There are two main strands to this legislation, both of which will have a significant impact on professionals across the accounting, audit and tax sectors:

  • Companies House reform; changes to the role of the registrar in monitoring and making public information provided by UK companies and their agents
  • Accounts reform; changes to the form and content of the financial information entities are required to publicly file.

The reforms, considered to be the strongest put in place in over a century, are wide ranging and will take a number of years to fully come into effect. We summarise the main points below.

Companies House reform

Companies House reform aims to give the registrar greater powers to challenge and interrogate information that it has been provided with a view to enhancing the quality and reliability of information available to the public. Beginning in March 2024, the registrar now has greater powers to ‘clean’ the available data on its platform, removing or amending inaccurate information (such as an individual’s residential address erroneously or fraudulently provided as a company address and company names designed to mislead or otherwise facilitate fraud) and querying and rejecting new information received via customer filings on an ongoing basis. Controls around company postal addresses have also been tightened: with organisations no longer able to use PO boxes or other similar mail forwarding services, the registrar provided the option to strike off entities which fail to provide an appropriate address, and companies are now required to provide a valid email address when filing.
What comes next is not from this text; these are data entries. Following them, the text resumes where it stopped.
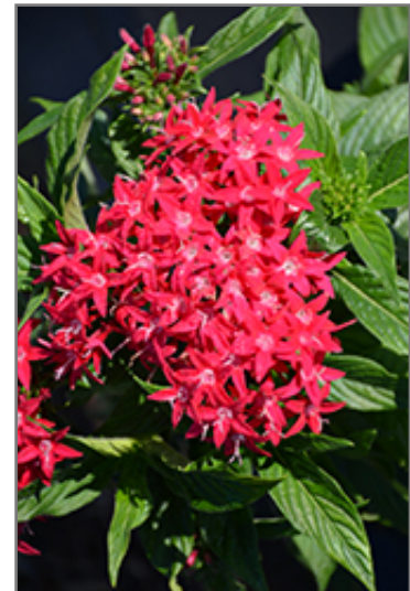
Graffiti OG Lipstick Star Flower flowers

Graffiti OG Lipstick Star Flower is recommended for the following landscape applications;
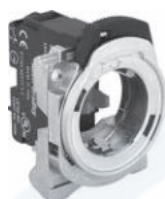
Metal Latch with Contact Block
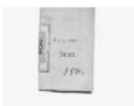
Field Book, 1 November 1904 (91a-c000057-d0001-001)
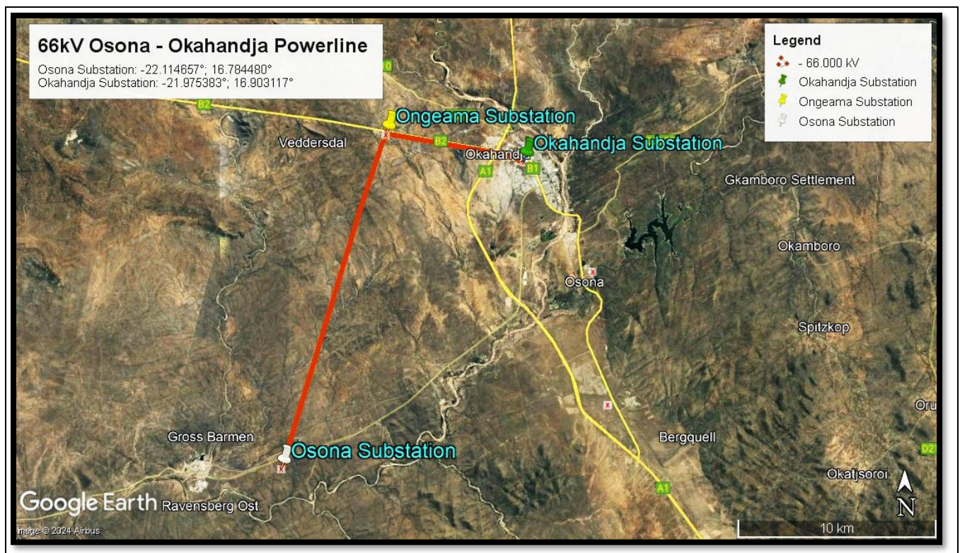
Figure 1: Locality map showing the 66kV Osona - Okahandja transmission line.

The 66kV Osona - Okahandja powerline was constructed in 1978, and it is 24.8 km in length. This powerline runs from the Osona Substation to Okahandja substation in Otjozondjupa Region. This EMP also includes other associated infrastructure which is Ongeama Substation. Okahandja and Ongeama substations cover a footprint of about 1 415 m 2 and 563 m 2 , respectively. The powerline is constructed with Wood (Kamarad) 5 pole structure. Figure 1 shows the locality map for the 66kV Osona - Okahandja transmission line.
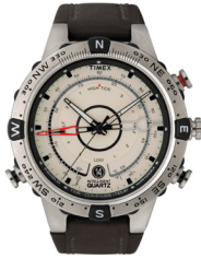
Intelligent Quartz® Tide Temp Compass 45mm Leather Strap Watch

Expedition Timber Aluminum Case Black Dial and Silicone Strap

Going forward, as of 18 March 2025, ACSPs will be able to register as a Companies House authorised agent and, from 1 April 2025, voluntarily verify their identity, both of which will be required to act and file for a company with the registrar from that point onwards. From summer 2025 onwards, the registrar aims to be able to increase access to information on the Register of Overseas Entities and expand the identity verification requirement to company directors and make it a compulsory element of filing of any document with Companies House. Companies House will also aim to facilitate a higher level of cross checking and data sharing with other bodies, including law enforcement.

Accounts reform

Currently, entities qualifying for the small companies regime or microentities have the option to file abridged or ‘filleted’ accounts with the registrar. Both of these give the option of making reduced disclosures in public filings with the registrar, for example, the ability to omit directors’ and auditors’ reports in certain circumstances, and provide reduced information on accounting policies and other information. The key issue, common to both abridged and filleted accounts, is that both formats permit the omission of a profit and loss account in the public filing.

Whilst there are clear benefits to businesses in terms of reduced administration costs, complexity and increased discretion here, this has also opened up the small and micro company rules to abuse by individuals looking to obfuscate the company’s activities for fraudulent purposes, and has made it difficult for authorities to identify when errors or instances of noncompliance (such as with requirements to undergo external audit, for example, have occurred.

As such, subject to the passing of secondary legislation (which is currently being drafted within input from sector experts), in future all companies will be required to include a profit and loss account in their public filings. Furthermore, accounts will be required to be filed digitally, with iXBRL tagging in place. Company directors claiming an audit exemption will be required to state on the balance sheet the basis for this election.

Anyone involved in the running of a company, but particularly those who prepare accounts for small and micro companies, will need to be aware of and make preparations for the changes ahead. Practitioners should make plans to ensure they can meet enhanced disclosure requirements within the required time frame.